DESCRIPTION OF THE TASK
Among the entries that follow, locate the line with "운동복 세트 남자 아이스" and the line with "第七步:锅中最后放入豆腐丝,等到豆腐丝慢煮开漂浮在鸡汤至上,加入味精调味。". Output those lines and all lines in between, exactly, minus the pictures.

RAW DATA
· · · ·

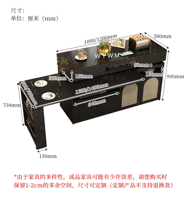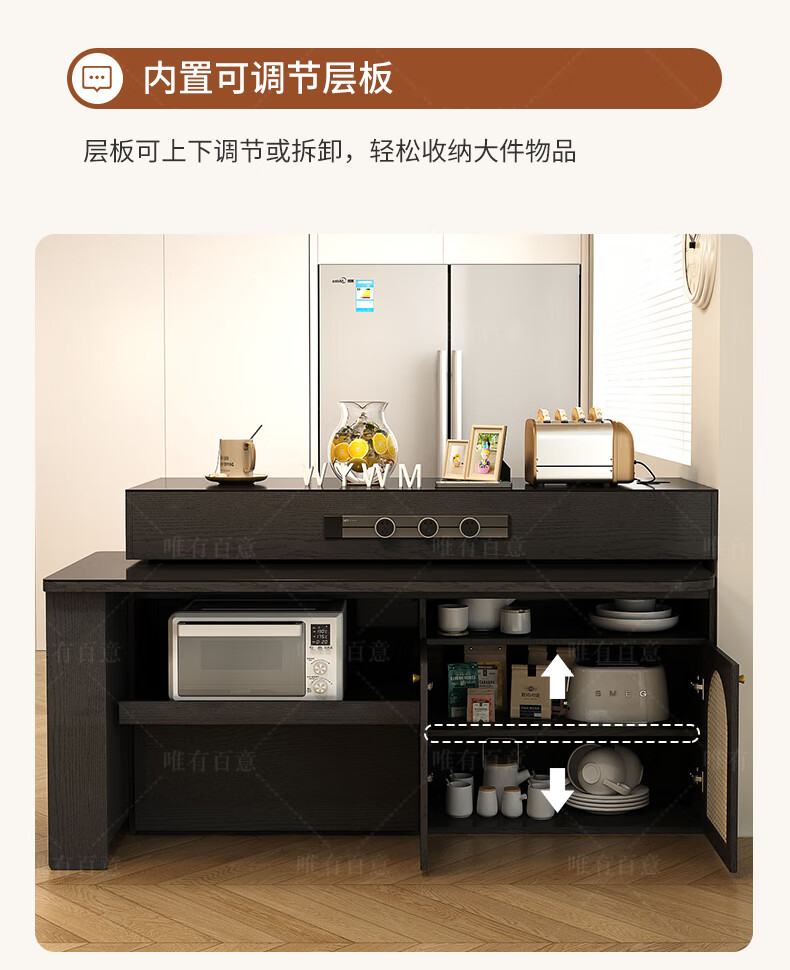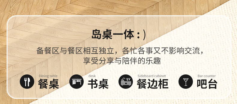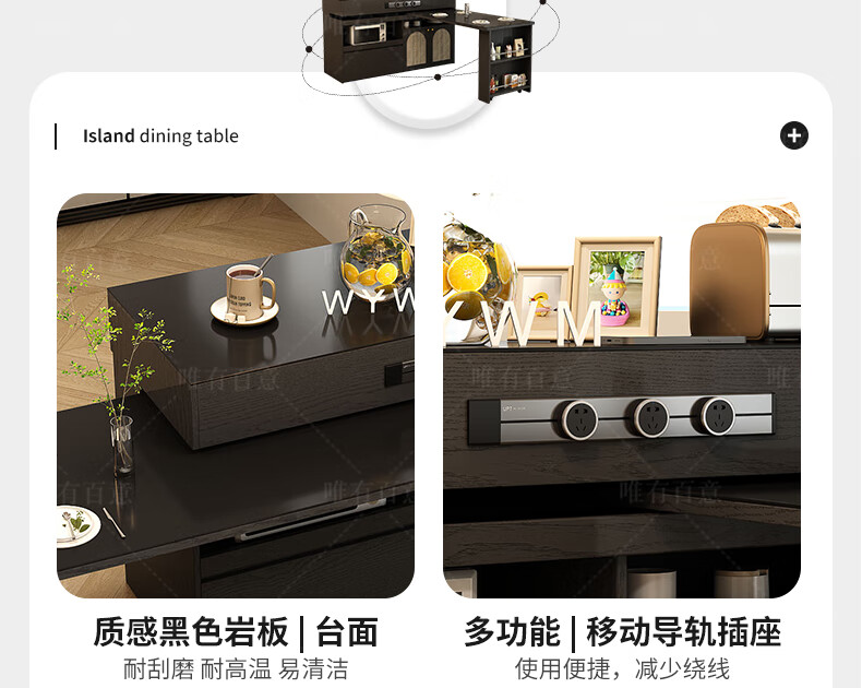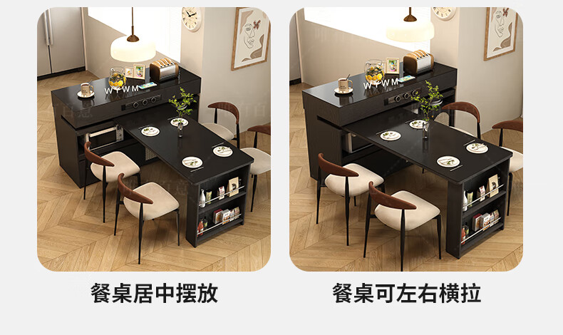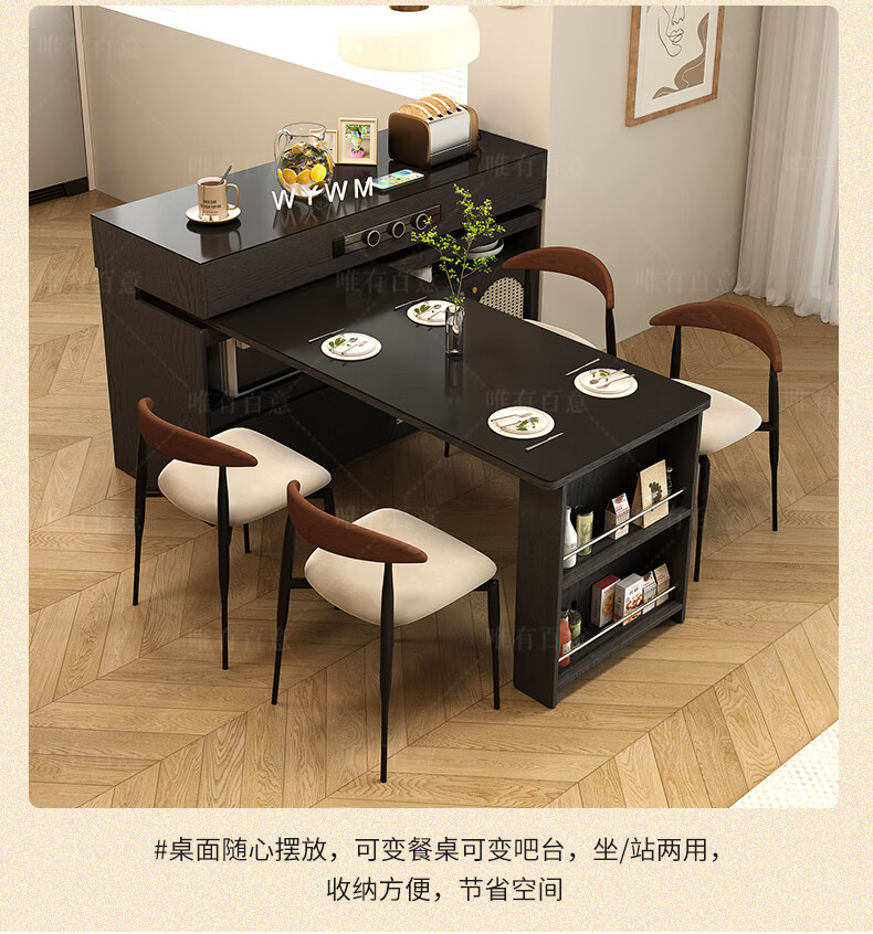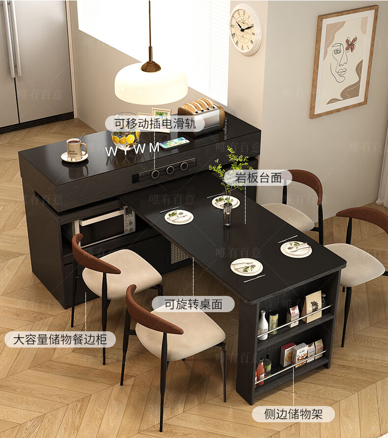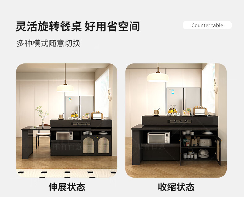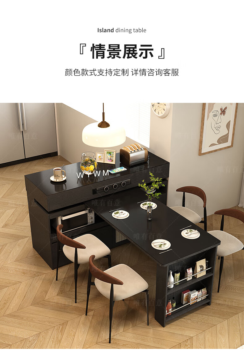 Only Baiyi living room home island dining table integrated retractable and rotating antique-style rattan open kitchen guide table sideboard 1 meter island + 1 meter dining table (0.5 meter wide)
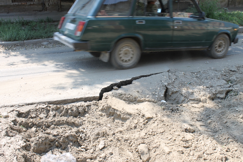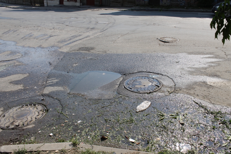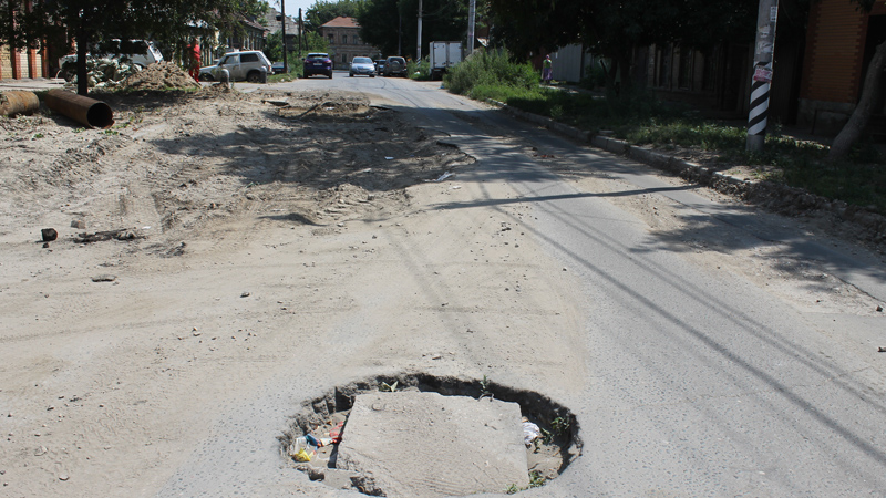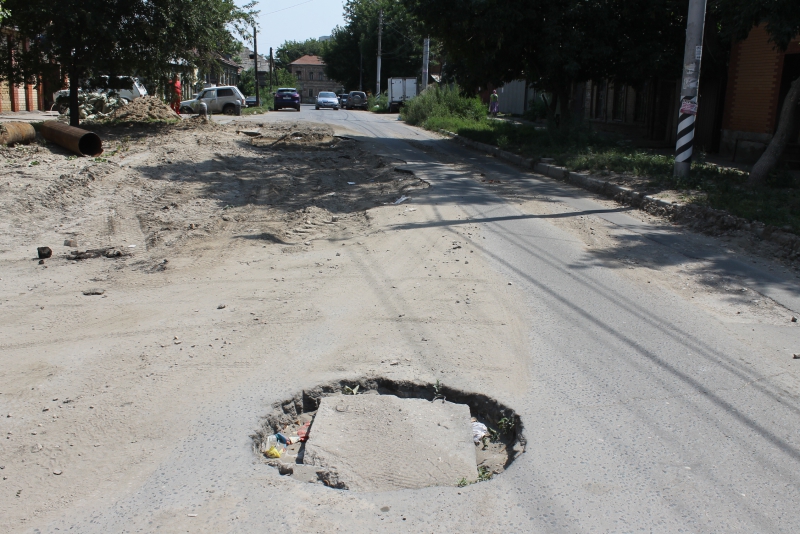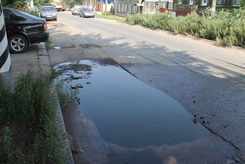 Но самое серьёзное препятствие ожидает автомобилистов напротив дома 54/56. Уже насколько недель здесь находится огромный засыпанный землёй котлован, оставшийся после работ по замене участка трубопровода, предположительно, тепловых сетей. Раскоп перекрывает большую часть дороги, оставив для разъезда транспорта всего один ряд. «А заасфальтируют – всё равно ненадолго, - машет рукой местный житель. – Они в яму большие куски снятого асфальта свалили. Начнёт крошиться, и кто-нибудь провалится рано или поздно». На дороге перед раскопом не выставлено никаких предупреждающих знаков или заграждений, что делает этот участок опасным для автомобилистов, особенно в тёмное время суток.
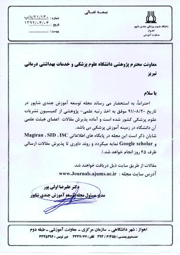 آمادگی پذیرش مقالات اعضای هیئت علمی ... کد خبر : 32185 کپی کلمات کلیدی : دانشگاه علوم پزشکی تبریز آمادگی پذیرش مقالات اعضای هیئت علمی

· · · ·

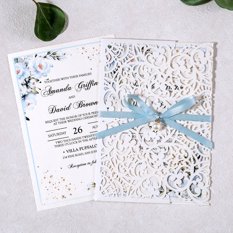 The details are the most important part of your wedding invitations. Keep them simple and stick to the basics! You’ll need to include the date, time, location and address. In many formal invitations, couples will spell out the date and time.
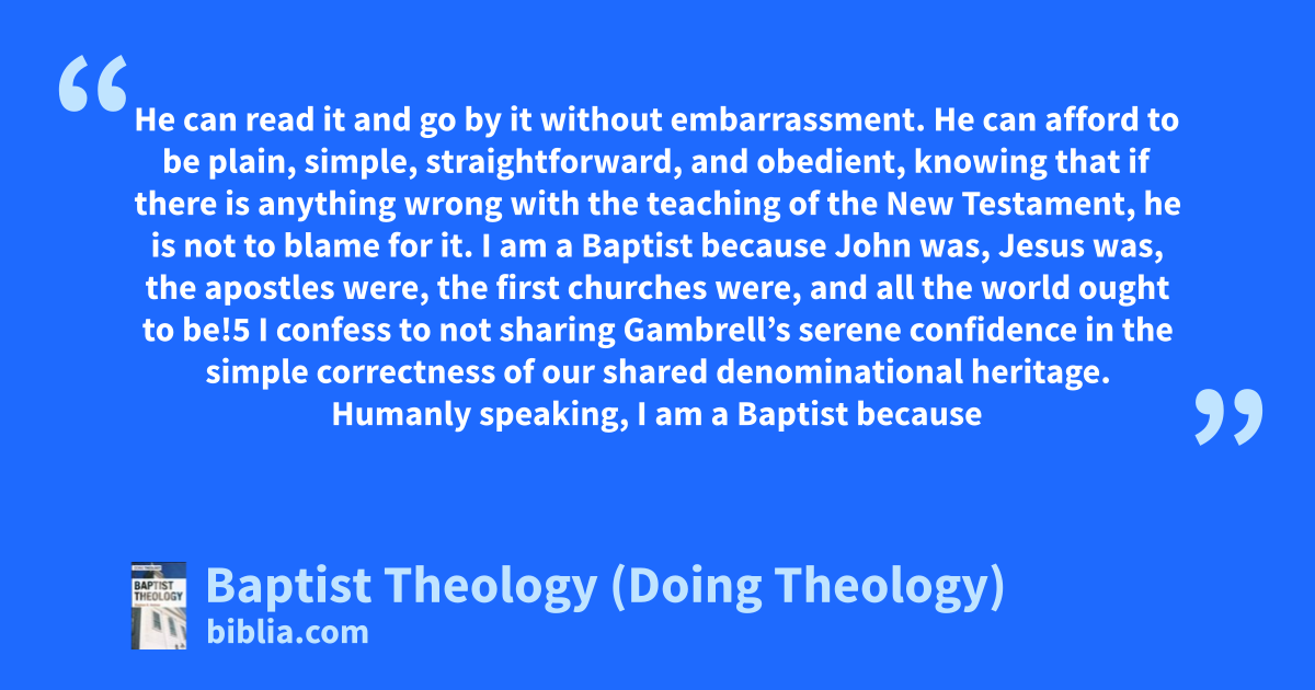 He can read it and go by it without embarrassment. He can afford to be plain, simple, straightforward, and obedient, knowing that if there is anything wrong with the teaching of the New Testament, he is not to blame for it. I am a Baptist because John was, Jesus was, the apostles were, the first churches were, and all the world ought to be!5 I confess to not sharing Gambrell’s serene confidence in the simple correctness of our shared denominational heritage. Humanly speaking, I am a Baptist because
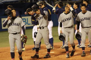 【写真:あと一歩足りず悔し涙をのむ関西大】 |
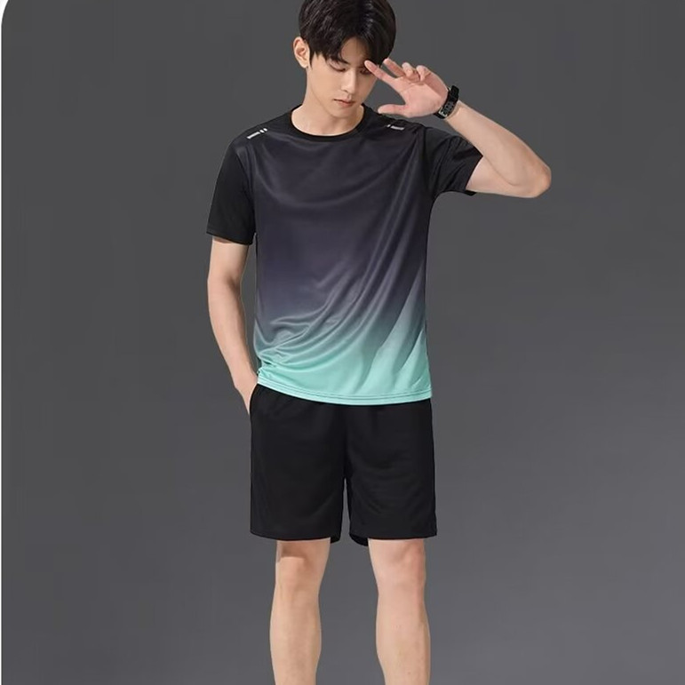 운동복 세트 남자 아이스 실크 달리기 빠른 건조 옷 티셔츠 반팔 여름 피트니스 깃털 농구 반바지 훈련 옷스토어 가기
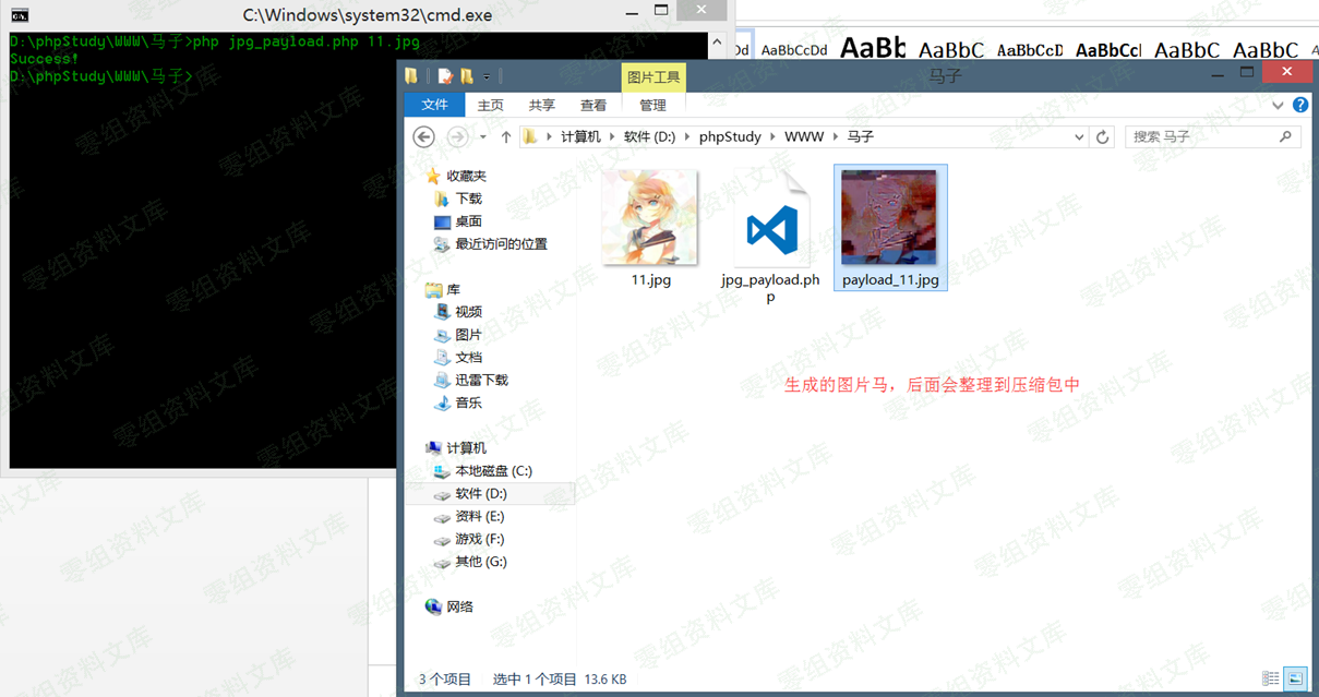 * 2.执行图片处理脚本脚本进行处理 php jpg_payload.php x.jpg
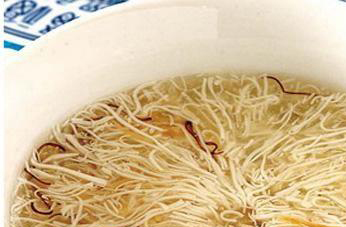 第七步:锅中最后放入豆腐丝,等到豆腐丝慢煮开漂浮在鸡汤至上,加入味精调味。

· · · ·

EXERCISE RESULT
 운동복 세트 남자 아이스 실크 달리기 빠른 건조 옷 티셔츠 반팔 여름 피트니스 깃털 농구 반바지 훈련 옷스토어 가기
 * 2.执行图片处理脚本脚本进行处理 php jpg_payload.php x.jpg
 第七步:锅中最后放入豆腐丝,等到豆腐丝慢煮开漂浮在鸡汤至上,加入味精调味。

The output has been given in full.